Loan proceeds are not considered income; they’re debt that must eventually be repaid. Common borrowing vehicles include:
- Securities-backed lines of credit (SBLOCs): Banks lend against stock portfolios, often at 50–90% of value with low interest rates.
- Mortgages or home equity lines on real estate.
- Margin loans or private banking arrangements tailored for the ultra-rich.
Interest rates are typically favorable (historically low in many periods, though variable), and if asset appreciation outpaces the interest cost, the net effect is positive wealth growth. For example, borrowing at 4–6% against assets returning 8–12% annually creates leverage that amplifies returns while deferring taxes indefinitely.
This step is where the “living on loans” aspect shines: cash flows from borrowing fund yachts, private jets, multiple homes, or further acquisitions—all while the original assets continue appreciating untaxed.

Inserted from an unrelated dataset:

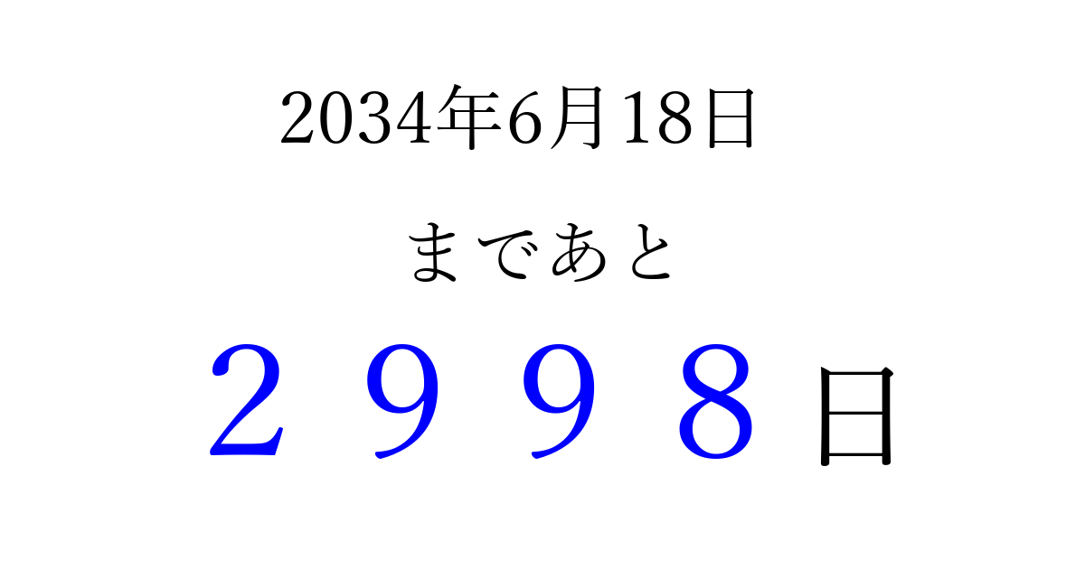 2034年6月18日(日)まで あと 9999 日です 追加すると、トップページからすぐ選べるようになります ※2026/04/03現在の結果です。 最新の状態に更新する ↓シェアして、タイムライン上にカウントダウンを表示しよう!↓ 📤 この結果を共有する Tweet シェア Threads Bluesky 別の日付でカウントダウン 2034年6月のカレンダー このページをブックマークに追加すると、いつでもカウントダウンを確認できます。 (PC: Ctrl+D / Mac: ⌘+D) hitome-notes.comでは以下のページも運営しています。 指定日と期間から日付を計算 | ガチャ確率計算・シミュレーション | プライバシー・ポリシー 運営者:Avocado
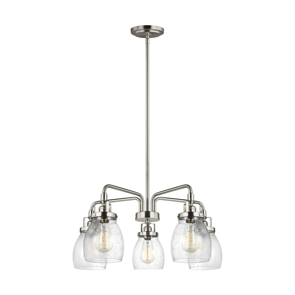 The Belton five light single tier chandelier in brushed nickel is an ENERGY STAR qualified lighting fixture that uses LED bulbs to save you both time and money. Influenced by the vintage industrial designs of early 20th Century America, the transitional Belton lighting collection has seeded glass shades and Midnight Black finish, adding a layer of retro design to the warm look.

Step 3: Die (and Reset the Tax Basis)
The final piece completes the cycle. Upon death, outstanding loans can be repaid (often by heirs selling a portion of the inherited assets). Crucially, in systems like the US, heirs receive a stepped-up basis—the asset’s cost basis resets to its fair market value at the time of death. This erases unrealized capital gains for tax purposes, meaning heirs can sell assets with minimal or no capital gains tax on the original appreciation.
The strategy effectively allows wealth to transfer across generations with much of the growth escaping income or capital gains taxation during the original owner’s lifetime.
Why This Works for the Wealthy (and Not Everyone Else)
Several factors make this viable at scale for the rich:
- Preferential access to credit: Banks offer low-risk, low-interest loans secured by liquid, high-value collateral.
- Tax code advantages: Borrowing isn’t taxed, and stepped-up basis at death provides a clean slate.
- Scale and compounding: Large asset bases generate returns that dwarf borrowing costs, turning debt into a net positive.
For average individuals, borrowing often involves high-interest debt on depreciating assets (like cars or credit cards), which erodes wealth. The wealthy flip this dynamic by borrowing cheaply against appreciating assets.
Criticisms and Context
While entirely legal, the strategy has fueled debates on tax fairness. Critics argue it contributes to wealth inequality by allowing extreme fortunes to grow with little tax contribution. Proposals to tax unrealized gains, limit stepped-up basis, or treat large borrowings as taxable events have surfaced in policy discussions, though major changes remain limited as of 2026.
In essence, the rich don’t dread debt—they strategically use it to preserve and multiply wealth. By buying assets that grow, borrowing against them for cash needs, and passing them on with a tax reset at death, they turn loans into a cornerstone of generational prosperity rather than a liability. This mindset shift—from fearing debt to leveraging it wisely—helps explain how fortunes endure and expand across lifetimes.